That is pretty much how most of us have got the lights working I think. If I missed anything or screwed up somewhere than feel free to correct me.


----------



## Madcow86 (Nov 22, 2009)

just got my 2010 TDI and was wondering if i'll have this problem when i put them on the fog's? skimmed though but didn't see anything specific


----------



## Gryphon001 (Apr 25, 2008)

*Re: (Madcow86)*

to the best of my limited knowledge... no.
No one I have spoken to has ever had an issue with having them in their fogs. It seems to be limited to just the headlights.


----------



## Madcow86 (Nov 22, 2009)

*Re: (Gryphon001)*

sweet thanks for the quick reply


----------



## AAudiA6 (Nov 29, 2006)

*Re: (Gryphon001)*

I'm running the vvme HID kit and they are 55w - 6000k. I had the flickering issue and I did the VAG-COM configuration and now the flickering is fine. So far so good, everything works well, and it's been about 2 months or so. 
Now here is my question.
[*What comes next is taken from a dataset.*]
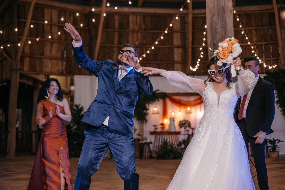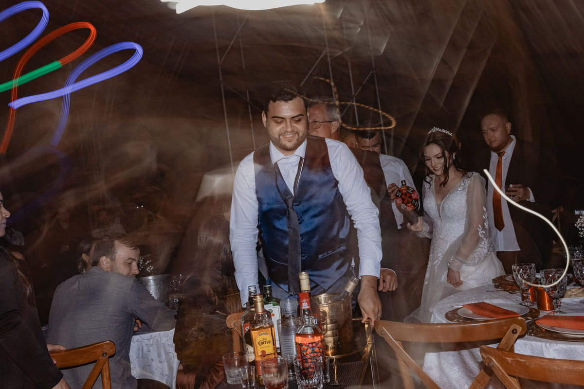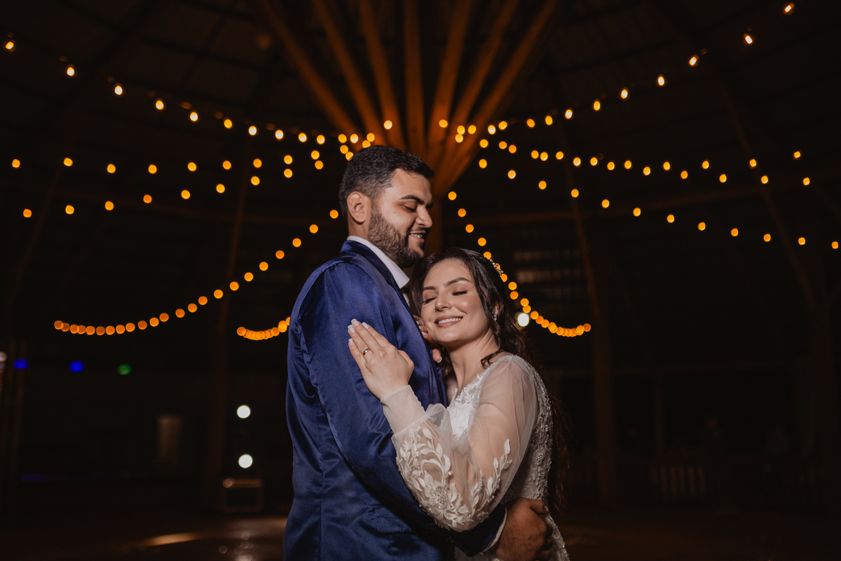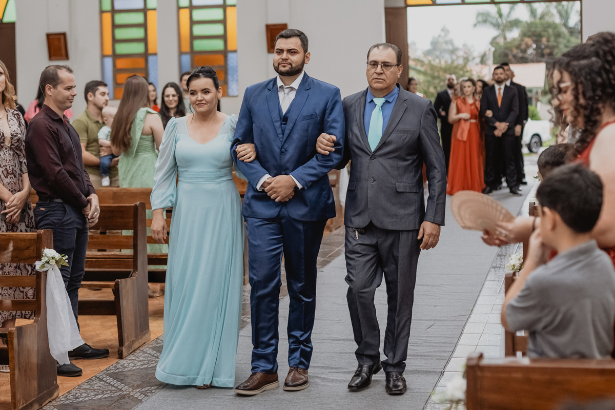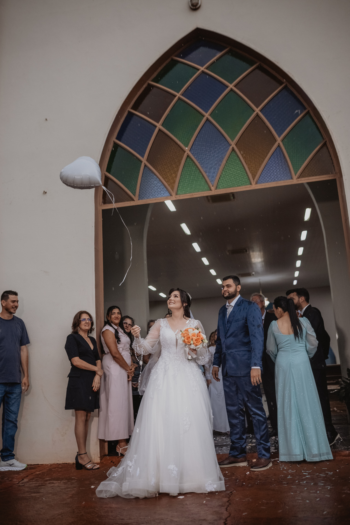 Com uma chuva de bênção marcando presença, foi uma cerimônia linda, cheia de emoção e fé, seguida de uma festa animada, onde os próprios noivos ditaram a vibe da festa.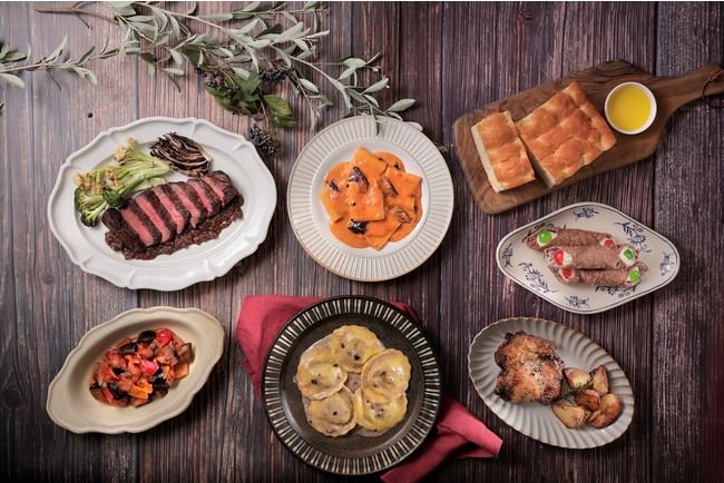 自社製オニオンケッパーソースで味わうアンガス牛肩ロースのビステッカや、人気のショートパスタ2種、カンノーリなどを詰め合わせた、シェアして楽しむイタリアンディナーセットです。湯煎や解凍するだけで、作りたての美味しさと本場の雰囲気を味わえます。

I noticed that if I have my wipers running at night, with HID's on, everything is fine. But when I use the windshield washer to clean the windshield, I smell something burning, and it smells like electric type of burning something being overloaded or fyring? 
Can someone comment on this? I'm wondering if the windshield washer nozzles are putting extra resistance on the electrical circuit and that's why it smells...I figure it will burn soon if I continue to do this?


----------



## fergie.g (May 11, 2008)

*Re: (AAudiA6)*


_Quote, originally posted by *AAudiA6* »_...I'm wondering if the windshield washer nozzles are putting extra resistance on the electrical circuit and that's why it smells...I figure it will burn soon if I continue to do this? 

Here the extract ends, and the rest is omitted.